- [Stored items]
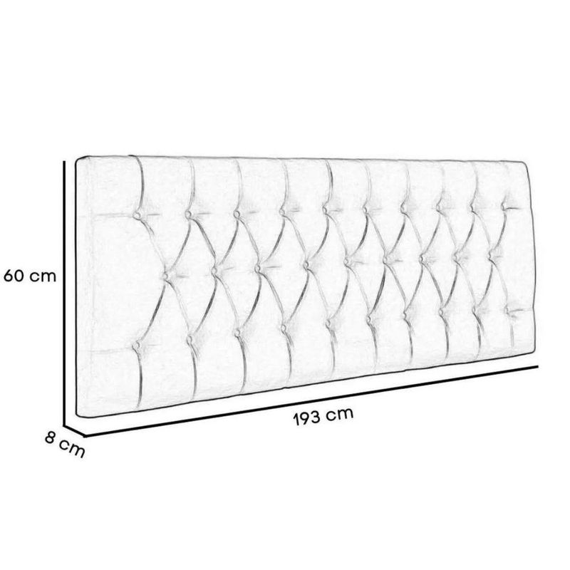 Painel Suspenso Cabeceira Dubai 1,93m Para Cama King Size Suede Bege - Aurora LineCabeceira Estofada - Aurora LineValorize o seu quarto com elegância com a Cabeceira Estofada! Se você está em busca de um item que traga conforto, sofisticação e um toque de modernidade para o seu ambiente, essa é a escolha perfeita.A Cabeceira Estofada é um produto de alta qualidade, feito com materiais selecionados e duráveis. Sua estrutura é produzida em madeira de pinus e eucalipto, garantindo resistência e estabilidade. Além disso, é revestida com espuma de alta densidade, proporcionando um conforto excepcional.Com um design moderno e sofisticado, a Cabeceira Estofada se adapta perfeitamente a qualquer estilo de decoração. Seja para um quarto ou para um canto alemão, ela traz beleza e elegância para o ambiente. Seu acabamento impecável e detalhes cuidadosamente pensados fazem dela um item único.Além de sua estética encantadora, a Cabeceira Estofada também é extremamente funcional. Ela oferece um suporte confortável para a cabeça e as costas, permitindo que você desfrute de momentos de relaxamento e descanso. Seja para ler um livro, assistir TV ou simplesmente relaxar, essa cabeceira é perfeita para tornar esses momentos ainda mais agradáveis.Características:- Largura: 193 cm;- Altura: 60 cm;- Profundidade: 8 cm;- Produto estofado;- Produzido em Madeira de Pinus e Eucalipto.Observações:- Não acompanha kit frame para fixar no box;- Limpar com flanela limpa e seca. Não molhar o móvel e não expor em lugar úmido ou próximo de fontes de calor. Não usar produtos abrasivos;- As imagens ambientadas são meramente ilustrativas e podem apresentar itens que não compõe o produto;- Objetos decorativos que aparecem na foto não acompanham o produto;- As cores do produto podem variar de acordo com o monitor, a iluminação do ambiente, ou sua percepção visual;- Confira as dimensões antes da compra e certifique-se de que o produto passará por elevadores, portas e corredores, já que nossa entrega não inclui a subida de lances de escada, ou o lançamento de produtos;- Ao receber seus produtos, verifique no ato do recebimento qualquer dano na embalagem. Caso tenha alguma avaria, favor não assinar o comprovante de recebimento (A transportadora tem obrigação de esperar a conferência);- Produto para uso residencial em ambiente interno, não devendo ficar exposto diretamente ao sol, calor e umidades excessivas.
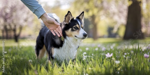 A beautiful scene of human-animal connection unfolds in a lush spring meadow. A person's hand gently pets a tri-colored dog amidst blooming flowers and a backdrop of a blossoming tree.
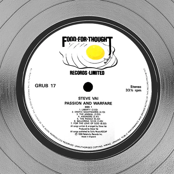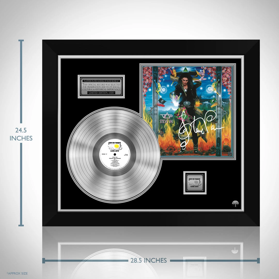 Pay homage to one of the most iconic American guitarist, composer, singer, songwriter of all time Steve Vai , with this gallery-framed, authentic Food for Thought Records fully licensed facsimile of the official Hand-Signed Platinum Plated LP Record and LP Cover Passion and Warfare Originally signed by Steve Vai , of which is strictly limited to 100 units Worldwide and has been approved and numbered accordingly.
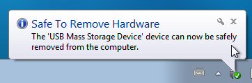 On Windows 7 you will find the symbol for removing hardware safely in the systray too:
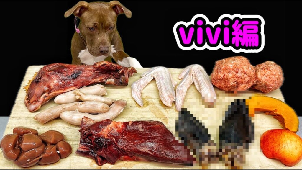 カボチャ、りんご、鹿の耳、鶏ガラミンチ、牛の腎臓、豚の産道、アヒルの手羽先

- [ASSIGNMENT] Each line from the one with "On Windows 7" through the end of the entries should be reproduced exactly. Leave out the pictures.

- [SOLUTION]
 On Windows 7 you will find the symbol for removing hardware safely in the systray too:
 カボチャ、りんご、鹿の耳、鶏ガラミンチ、牛の腎臓、豚の産道、アヒルの手羽先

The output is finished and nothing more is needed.